Risk factors for disease presentation include male sex, age older than 50 years, active and passive smoking, kerosene heaters, employment in agriculture, and exposure to environmental respiratory irritants.

Diagnostic testing includes both quantitative tests for plasma ATT levels and qualitative blood tests for identifying ATT genetic variants.

Initial assessment should include a chest x-ray; computed tomography (CT), including thin slices for morphology and thick slices for densitometry; spirometry pre- and postbronchodilator (usually only moderately reversible); arterial blood gas analysis; lung volume measurement by body plethysmography or helium dilution; and single-breath CO-diffusion capacity.
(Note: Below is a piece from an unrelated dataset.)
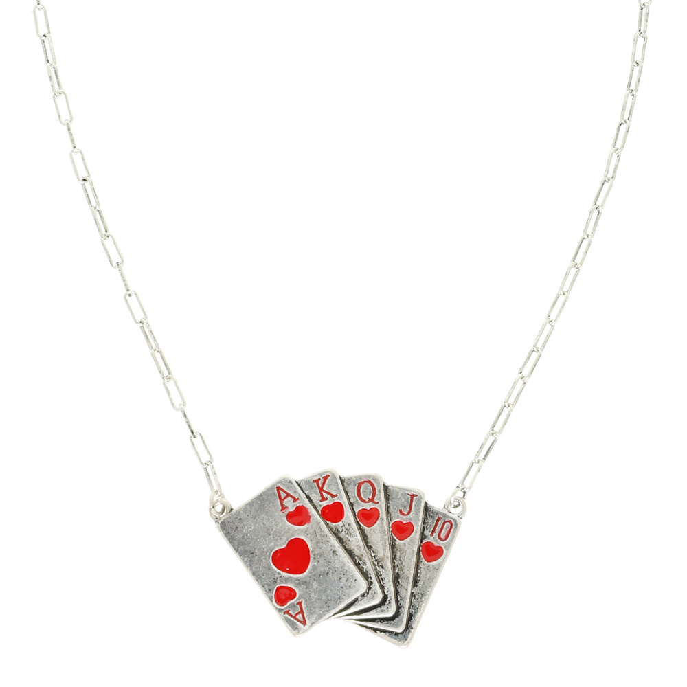 WESTERN ACE OF HEARTS ROYAL FLUSH PENDANT NECKLACE IN OXIDIZED SILVER-TONE METAL

Ventilation-perfusion scan may be a useful tool.

Disease progression should be monitored by rate of decline of forced expiratory volume in 1 second (FEV₁), CT lung density histograms and spirometry annually.

The life expectancy is 40 years for smokers and 65 years for nonsmokers. FEV₁ rate of decline is the most important predictor of survival, with a median survival of 6.3 years for those with 25% or less of predicted FEV₁, increasing to 10.5 and 14.2 years for those with FEV₁ above 25% and 50% predicted, respectively. Bronchial hyperreactivity is a strong prognostic indicator of FEV₁ loss.
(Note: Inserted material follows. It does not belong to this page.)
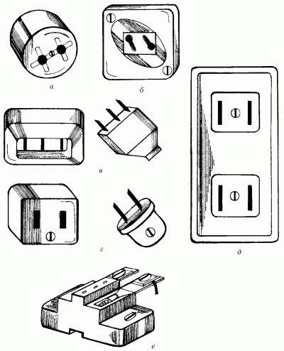Рис. 11. Разновидности штепсельных соединений: а – розетка для открытой установки; б – розетка для скрытой установки; в – трехконтактная розетка; г – штепсельное соединение с плоскими контактами; д – розетка для подключения двух вилок; е – конструкция механизма розетки с прижимной пружиной.

Treatment includes (a) preventive therapies such as smoking cessation, influenza and pneumococcal vaccination, and hepatitis immunization for those with overt liver disease; (b) symptomatic treatment including bronchodilators, inhaled and oral steroids (to be used with caution due to risk of bone loss resulting in loss of lung volume), antibiotics for infectious exacerbations, oxygen for patients who desaturate during exercise, pulmonary rehabilitation, and detection and treatment of comorbid depression; and (c) augmentation with aerosol, recombinant, or intravenous human plasma-derived ATT therapy for those with FEV₁ of 35%-65% of predicted, although double-blind, randomized controlled trials have not been conducted for this recommendation.
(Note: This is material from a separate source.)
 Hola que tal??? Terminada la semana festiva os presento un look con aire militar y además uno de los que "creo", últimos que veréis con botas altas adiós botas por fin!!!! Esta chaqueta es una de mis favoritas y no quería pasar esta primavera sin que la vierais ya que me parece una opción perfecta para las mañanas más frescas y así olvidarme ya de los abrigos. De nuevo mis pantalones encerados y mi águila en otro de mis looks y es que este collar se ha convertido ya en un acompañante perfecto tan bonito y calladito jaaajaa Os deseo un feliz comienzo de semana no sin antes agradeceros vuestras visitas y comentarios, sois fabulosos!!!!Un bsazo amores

Lung transplantation produces a 5-year actuarial survival rate of 50% in severely affected patients with lung disease, with better results achieved with double lung transplantation. Bronchiolitis obliterans is the major cause of death after lung transplantation. Lung volume reduction surgery involving resection of 20%-30% of the most severely affected lung offers only short-term improvement, has not been shown to improve survival, and is not currently recommended.

Future research needs to focus on identifying pathophysiological correlates, especially for bronchiectasis, risk factors other than smoking, and randomized controlled trials for aerosol and intravenous augmentation therapy.